Hum Ko Humise Churalo memenuhi ruangan. Mewarnai makan malam kami berdua. Perasaan indah itu muncul lagi. Stelan kemeja biru muda dan celana biru dongker yang dikenakan menyita mataku. Tampan benar dia. Sebingkai kaca mata nangkring manis di hidung menambah pesona. Rambut legam belah kanan rapi dia sisir. Perlente, tak nampak sedikitpun pernah melakukan kenakalan padaku.
Kenyamanan kudapatkan, tak lagi ingin pergi darinya. Bahkan hingga makan malam berakhir, masih pula aku ingin bersamanya.
"Jakarta sungguh menakjubkan ternyata." Gumam John sembari menatap pemandangan luar ke arah luar jendela kaca.
"Iya, aku setuju denganmu. Indahnya ketika malam begini. Penuh cahaya."
"Kau suka?"
"Iya, tentu saja."
"Kalau begitu kita ambil gambar ya. Mendekatlah padaku."

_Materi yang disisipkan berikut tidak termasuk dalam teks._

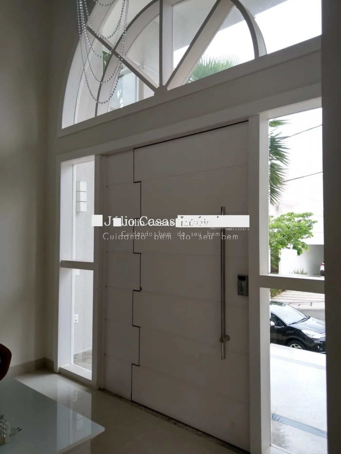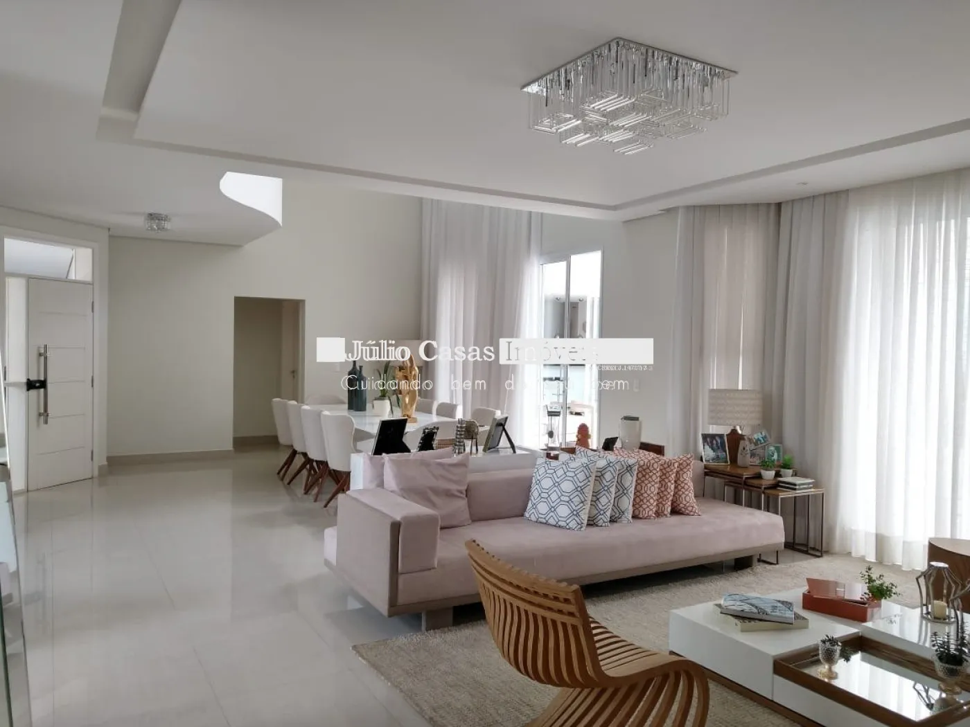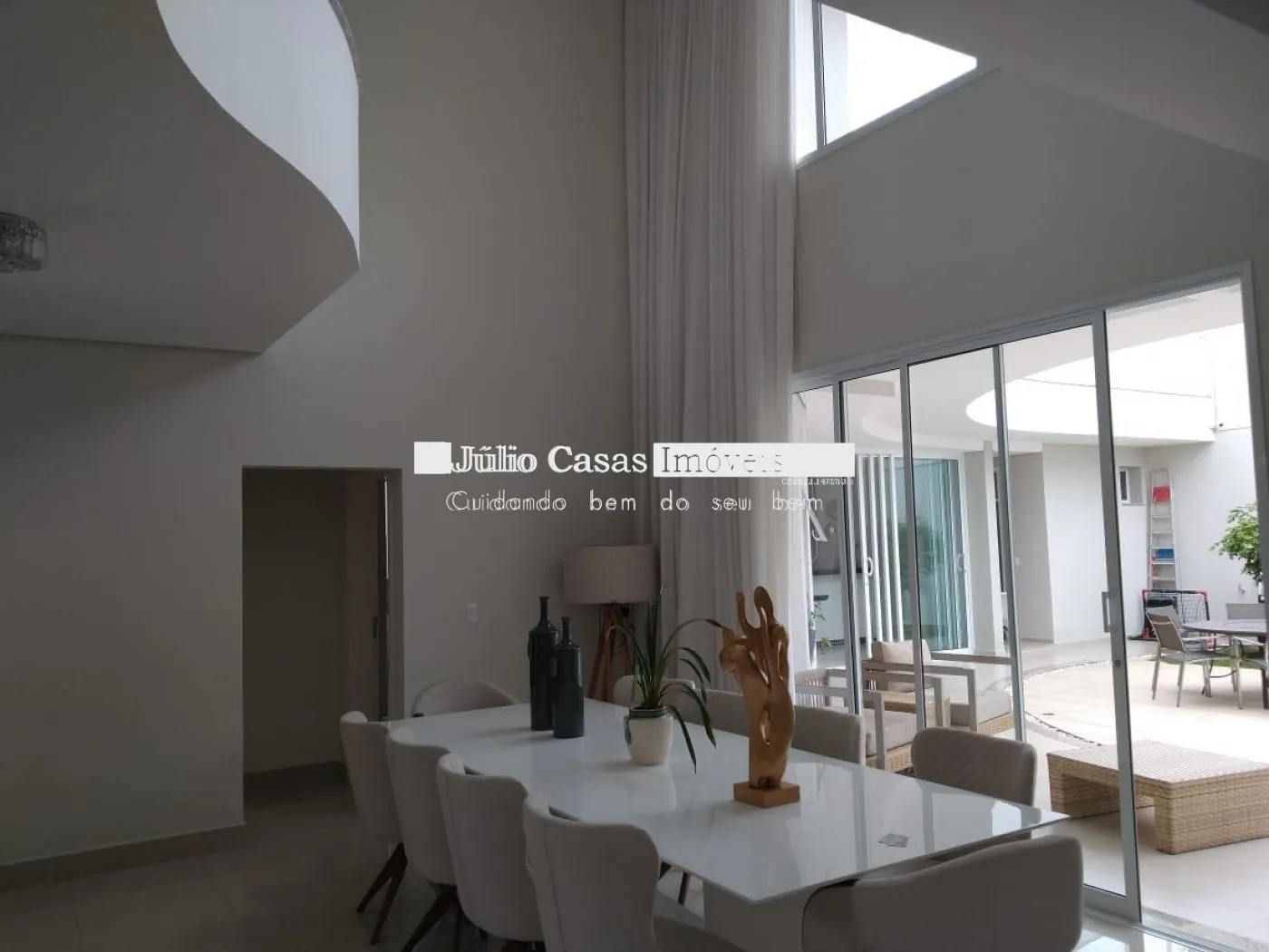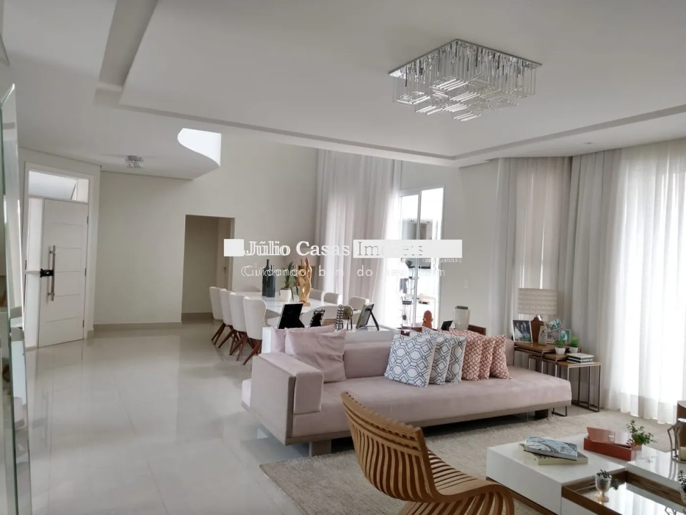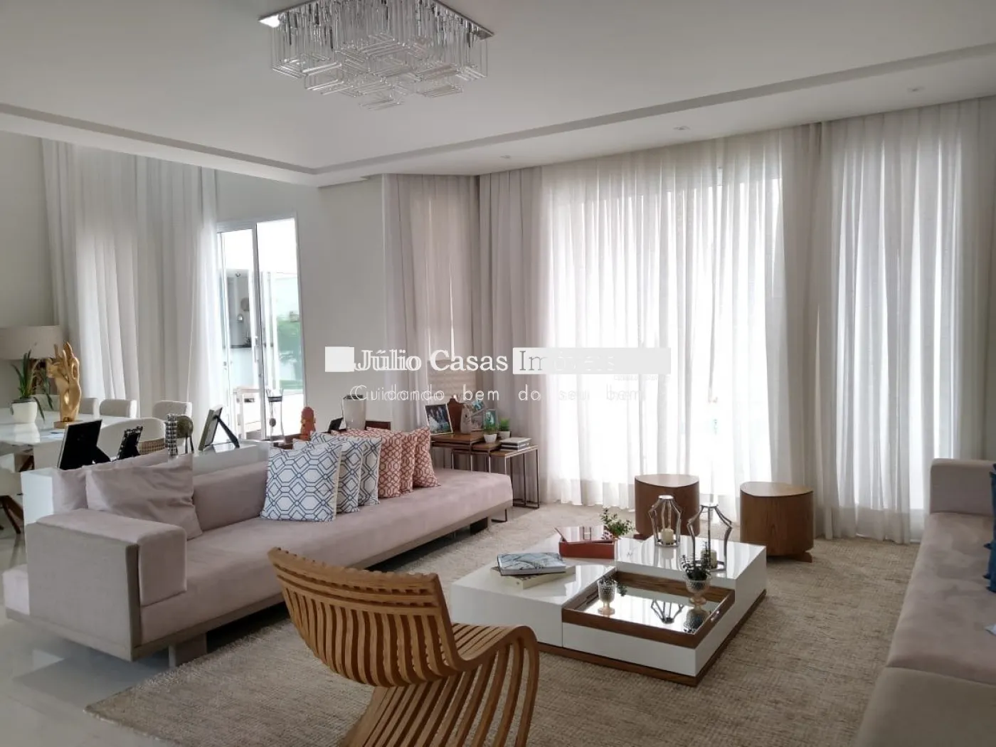 Casa modulada com sala 3 ambientes com pé direito 6 metros, integrada com a área gourmet com portas em alumínio branco e vidro temperado, proporcionando amplitude no ambiente, escritório com lavabo, 4 suítes uma sendo máster com varanda, hidro e duas duchas com duas cubas, toda em acabamento em porcelanato e gesso com closet.

Dia geser meja di depan kami agak jauh. Di letakkan gawainya di meja itu. Penyangga kecil yang dibawa menjadi piranti mengabadikan momen kebersamaan kami. View Jakarta malam, pun suasana romantis terabadikan di gawai itu.
Cekrak-cekrek berulang, entah berapa puluh gambar telah dihasilkan. Tak hanya itu, video gelak tawa juga canda cengkerama kami juga ada. Lupa sudah pada kejadian ingin pergi yang hampir menimpa.
Puas bertingkah canda tawa cengkerama, kuutarakan kantukku.
"Aku ngantuk John, pesankan aku kamar berbeda ya."
"Untuk apa, kau bisa tidur di sini denganku. Lihatlah itu king size. Cukup buat kita."
"Maaf, aku tidak bisa tidur dengan laki-laki. Mengertilah. Aku takut nanti akan terjadi seperti tadi."
"Baiklah, aku janji tidak akan melakukan apa-apa padamu. Atau aku akan tidur di sofa saja. Kau yang di tempat tidur. Bagaimana?"
Kali ini aku melihatnya bukan sebagai lelaki yang tadi pernah akan melumatku. Sepertinya janji itu bisa dipertimbangkan. Tapi apa iya aku akan aman?
Timpukan  alasan memukuli kepala. Hatiku ingin terus bersamanya, namun ketakutan diapa-apakan juga memberatkan pengambilan keputusan. Apa yang sebaiknya kulakukan?